The remaining four pieces — all abstract, slickly designed, and expertly danced — mainly served as reminders to smash the patriarchy. Stanton Welch’s Bespoke, David Dawson’s Anima Animus, Edwaard Liang’s The Infinite Ocean, and Dwight Rhoden’s Let’s Begin at the End were rife with meaningless demonstrations of women being pummeled and tossed around, paraded aloft like trophies on poles, their legs yanked apart and crotches displayed from every possible angle. Men apparently have the magical power to send a woman into paroxysms by merely hovering a hand over her body — or so these choreographers tell us. Men can also spin women around upside down with their legs split like the blades of a helicopter. But should they?
It took a female choreographer to provide the most erotic image in the festival: that moment when Ulrik Birkkjaer in Cathy Marston’s Snowblind untied Mathilde Froustey’s apron and buried his face in it.
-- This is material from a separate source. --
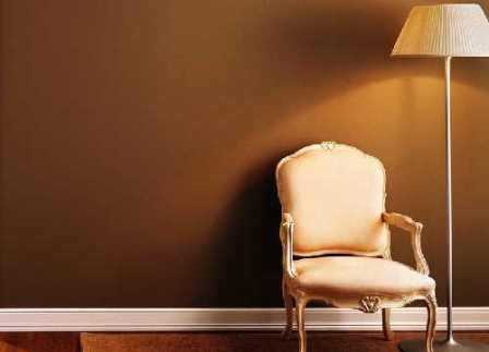Темные стены в комбинации с белыми плинтусами смотрятся очень эффектно
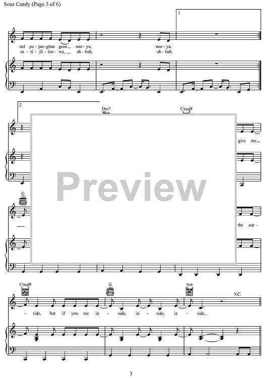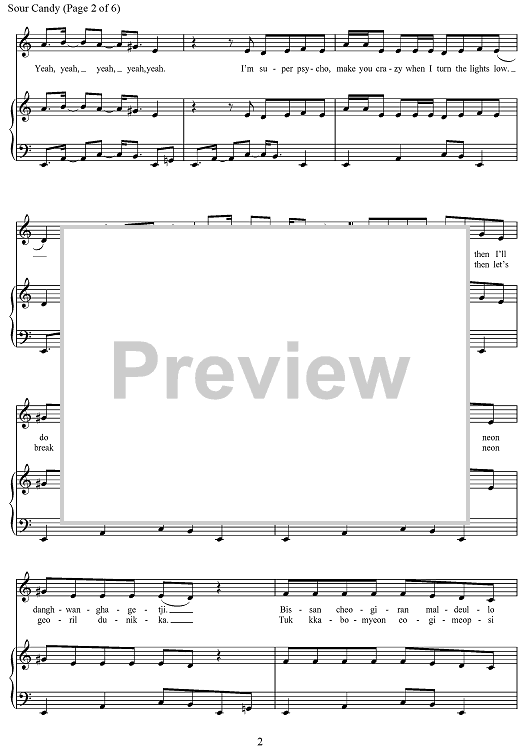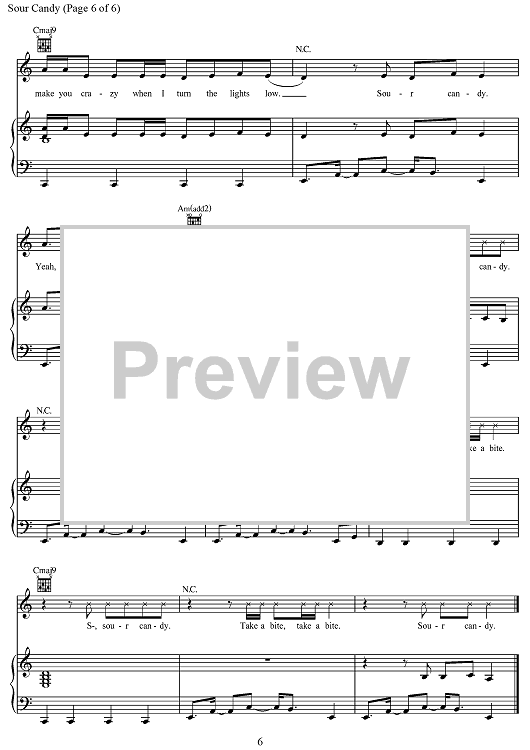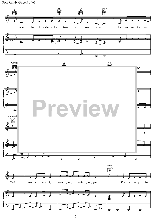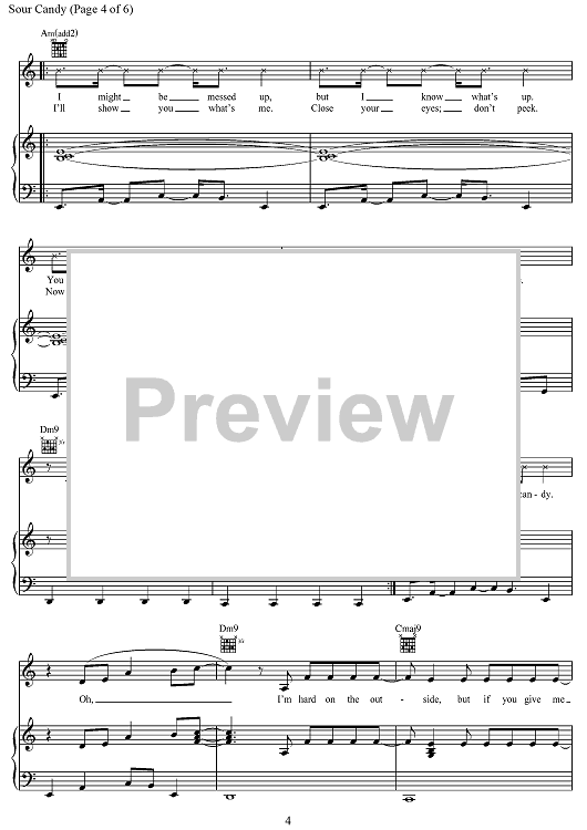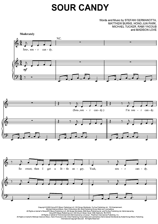 Digital Sheet Music for Sour Candy by Rami Yacoub, Stefani Germanotta, Lady Gaga, Michael Tucker, Matthew Burns, Madison Love, Hong Jun Park scored for Piano/Vocal/Chords; id:468431

The festival was otherwise littered with intimate acrobatic duets, magnificently executed, but the few that conveyed real emotion were crafted by Marston, Peck and Pita. The female-straddle-split-with-crotch-positioned-squarely-toward-the-audience was deployed so often by Welch, Dawson, Liang and Rhoden that it had all the novelty of a car chase in a TV cop show. In contrast, Alonzo King appears to have pressed that move into service only once in his Collective Agreement, to make a powerful statement about Sofiane Sylve’s vulnerability — and he had her traveling down a diagonal. In the immortal words of Emily Dickinson, “tell the truth, but tell it slant.”
Female objectification aside, the company should be proud to have produced so many thought-provoking new pieces in one season. It was smart to commission work from choreographers as seasoned as these, the majority of whom have worked with San Francisco Ballet before.
Yet a truly bold move would be one that invests in the local dance ecosystem: hooking up with Bay Area artists who are already taking risks at a smaller scale, providing new platforms for emerging choreographers. In partnerships, San Francisco Ballet could interrogate what makes San Francisco unique, and how anxiety about the future has shaped the practices of local creators. The city that has led the nation in progressive movements, the home to tech startups that are taking over the world, the vaunted sanctuary city which has flipped a middle finger to the powers that be — surely these sources of pride can be reflected in the ballet company that bears its name.